Robert Alexander

No. 35, 31
- Position: Running back

Personal information
- Born: April 21, 1958 Charleston, West Virginia, U.S.
- Died: June 7, 2022 (aged 64) St. Albans, West Virginia, U.S.
- Listed height: 6 ft 0 in (1.83 m)
- Listed weight: 185 lb (84 kg)

Career information
- High school: South Charleston (South Charleston, West Virginia)
- College: West Virginia
- NFL draft: 1981: 10th round, 269th overall pick

Career history
- Los Angeles Rams (1981–1983); San Diego Chargers (1984)*; Los Angeles Express (1985);
- * Offseason or practice squad member only

Career NFL statistics
- Rushing yards: 31
- Rushing average: 3.9
- Receptions: 2
- Receiving yards: 3
- Stats at Pro Football Reference

= Robert Alexander (American football) =

American football player (1958–2022)

Robert Alan Alexander (April 21, 1958 – June 7, 2022) was an American professional football running back who played collegiately for the West Virginia Mountaineers.

==College career==
Alexander's career began at South Charleston High School, where he was the high school football national player of the year his senior season as picked by Parade Magazine. He then attended West Virginia over USC, Penn State, Ohio State and Maryland. On his freshman campaign, Alexander shared backup time with Walter Easley, behind starting back Dave Riley. Alexander rushed for 426 yards and a touchdown his freshman year.
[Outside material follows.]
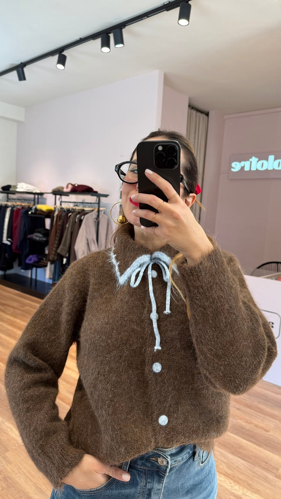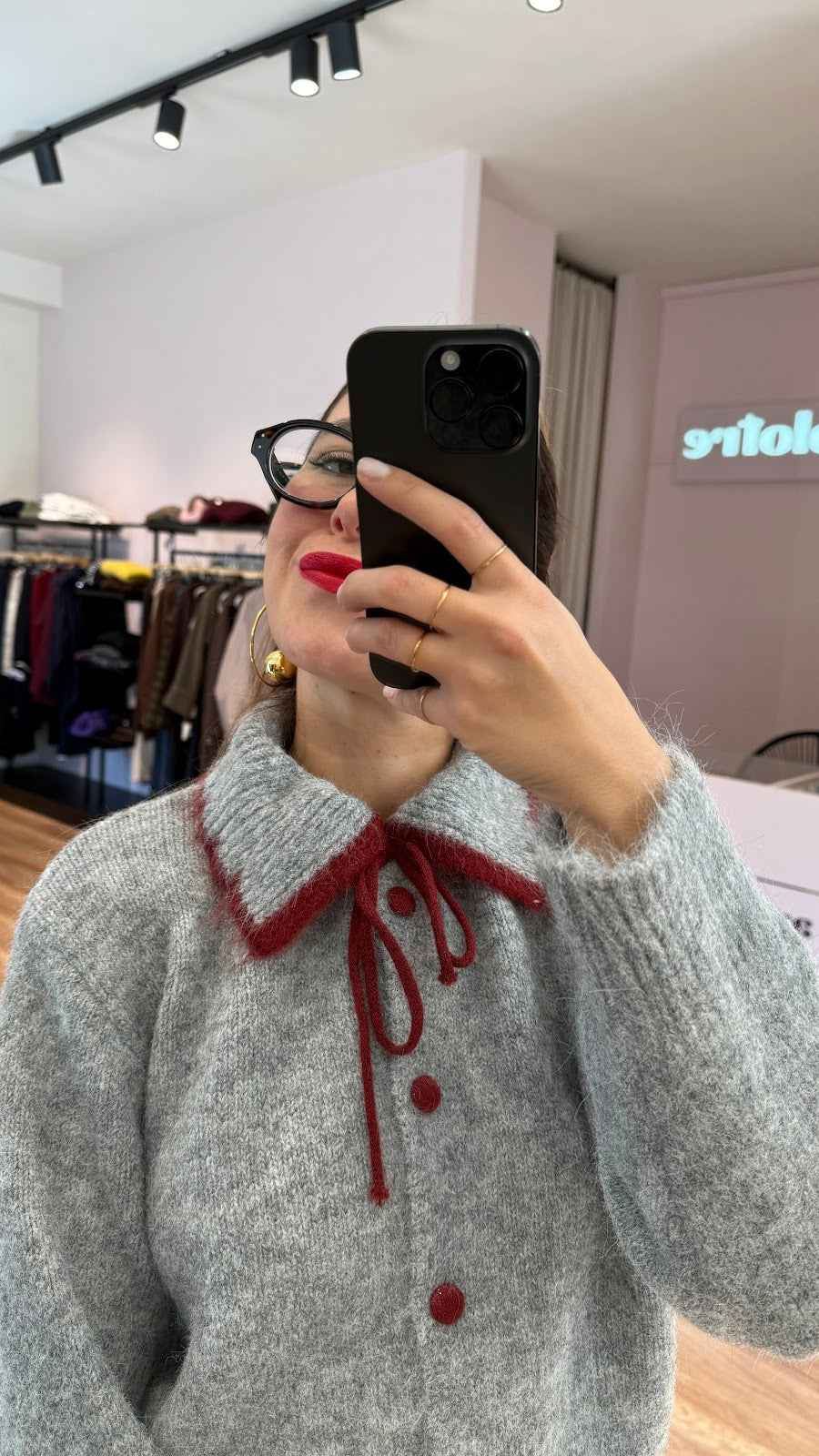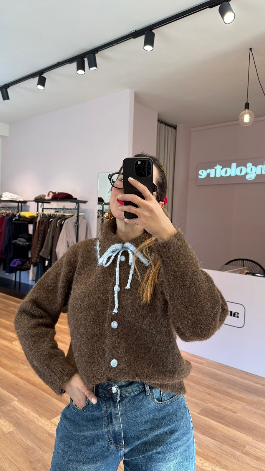 Cardigan con collo a polo, laccetti sul davanti, bottoni ricoperti. Vestibilità morbida, taglia unica, veste fino a una taglia L. Greta veste una taglia 40/42.

Alexander shared starting time his sophomore year with Dane Conwell, a freshman, in 1978. Alexander, although sharing carries, rushed for 310 yards, third on the team.

In 1979, Alexander's junior season, he finally became the full starter of the Mountaineers' squad. Alexander rushed for 656 yards and two scores that season, which was the best of his career.

Alexander's best season came in 1980, his final year. Alexander rushed for a career-high and team-high 1,064 yards along with 5 touchdowns that season. At the time, the 4th most yards in a single season in Mountaineer history. At the time he left WVU Alexander ranked 2nd on the schools career rushing yards list.

Alexander is currently ranked 10th on the Mountaineers' all-time rushing yardage list with a career total of 2,474 yards rushing.

==Professional career==
Alexander was drafted in the tenth round of the 1981 NFL draft by the Los Angeles Rams and played for them for two seasons.

== Death ==
On June 7, 2022, Alexander was found dead in his St. Albans, West Virginia, home. There were no signs of foul play.